## Brief:
Omit every image, and transcribe the remaining entries exactly as given.

[Items from a data source]
——————————

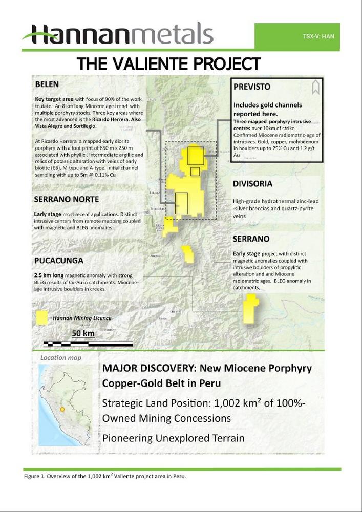 “The alkalic-type epithermal gold style of mineralization is encouraging, as these systems globally can develop into large, high-grade deposits. We are in the very early stages here – these results comes from initial channel sampling, and we have multiple untested targets across the 4 km x 4 km soil gold anomaly. “Hannan’s strategy is to systematically explore the new Valiente mineral belt gaining drill permits progressively as we make further discoveries. With Peru’s improving and transparent drill permitting system, we look forward to drilling at Belen in Q2 2025, located 20 km to the SW of Previsto, while we derisk this new gold finding to achieve staged drill programs across the entire 150 km long Valiente gold-copper project.”
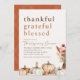 Celebremos la temporada de gratitud con esta Invitación de Acción de Gracias por la Bendición Caída. Diseñado con calabazas acuáticas, flores de otoño y cálidos tonos rústicos, este elegante tema de otoño aporta un encanto acogedor a su reunión de vacaciones. Perfecto para una cena familiar de Acción de Gracias, de temporada o fiesta de cosecha otoño, esta invitación editable es una manera elegante de dar la bienvenida a los seres queridos a la mesa.
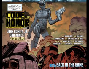 The comic delivers a heavy dose of action, mandatory in a first issue involving assassins. In this case, it works because the action scenes serve as an introduction for Honor Guest, particularly her inhuman powers (she can create a localized field that negates all sound) as well as the differences between her past and present life.
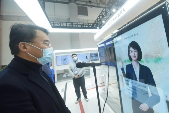 Le 12 décembre 2022, un visiteur interagit avec un personnage virtuel créé par l'intelligence artificielle lors de la première Exposition international du commerce numérique à Hangzhou de la province du Zhejiang (dans l'est de la Chine). (Long Wei/Pic.people.com.cn)
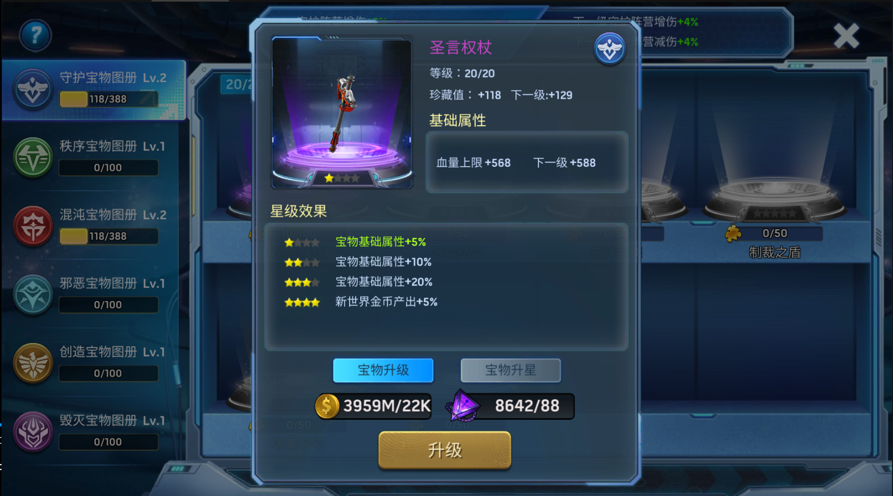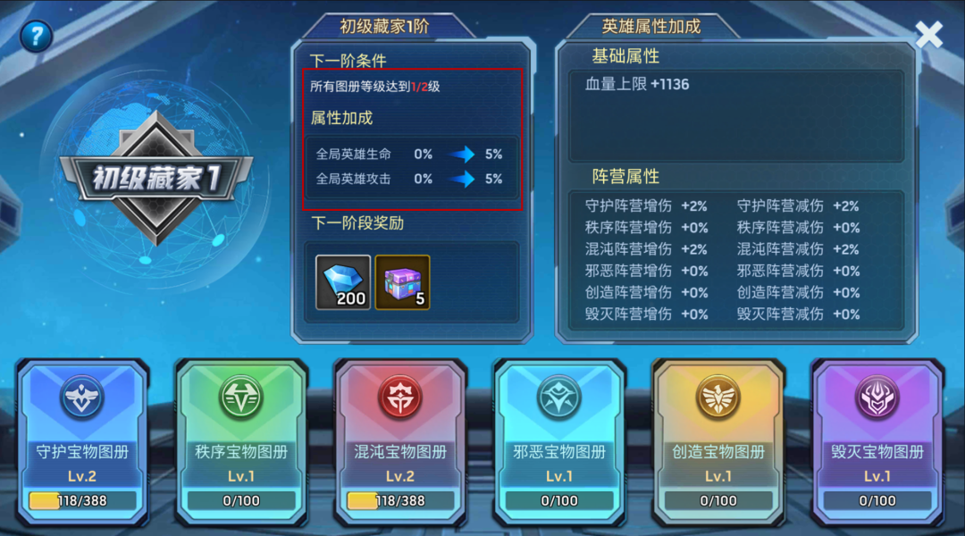 4.宝物陈列仓(属性提升):佩戴抽奖获得的专属阵营武器后,可以让专属阵营的全部英雄都能享受武器附带的属性增益(除了武器附带的专属增益外,图册升级后还能额外提升全局英雄的生命以及攻击的百分比增幅)
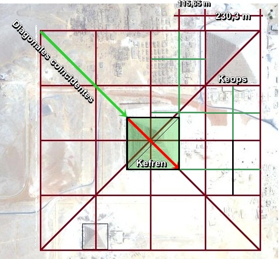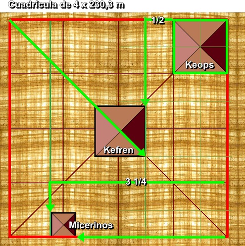 haciendo coincidir a la gran pirámide dentro de la cuadrícula superior derecha,

——————————

## Answer below:
 “The alkalic-type epithermal gold style of mineralization is encouraging, as these systems globally can develop into large, high-grade deposits. We are in the very early stages here – these results comes from initial channel sampling, and we have multiple untested targets across the 4 km x 4 km soil gold anomaly. “Hannan’s strategy is to systematically explore the new Valiente mineral belt gaining drill permits progressively as we make further discoveries. With Peru’s improving and transparent drill permitting system, we look forward to drilling at Belen in Q2 2025, located 20 km to the SW of Previsto, while we derisk this new gold finding to achieve staged drill programs across the entire 150 km long Valiente gold-copper project.”
 Celebremos la temporada de gratitud con esta Invitación de Acción de Gracias por la Bendición Caída. Diseñado con calabazas acuáticas, flores de otoño y cálidos tonos rústicos, este elegante tema de otoño aporta un encanto acogedor a su reunión de vacaciones. Perfecto para una cena familiar de Acción de Gracias, de temporada o fiesta de cosecha otoño, esta invitación editable es una manera elegante de dar la bienvenida a los seres queridos a la mesa.
 The comic delivers a heavy dose of action, mandatory in a first issue involving assassins. In this case, it works because the action scenes serve as an introduction for Honor Guest, particularly her inhuman powers (she can create a localized field that negates all sound) as well as the differences between her past and present life.
 Le 12 décembre 2022, un visiteur interagit avec un personnage virtuel créé par l'intelligence artificielle lors de la première Exposition international du commerce numérique à Hangzhou de la province du Zhejiang (dans l'est de la Chine). (Long Wei/Pic.people.com.cn)
 4.宝物陈列仓(属性提升):佩戴抽奖获得的专属阵营武器后,可以让专属阵营的全部英雄都能享受武器附带的属性增益(除了武器附带的专属增益外,图册升级后还能额外提升全局英雄的生命以及攻击的百分比增幅)
 haciendo coincidir a la gran pirámide dentro de la cuadrícula superior derecha,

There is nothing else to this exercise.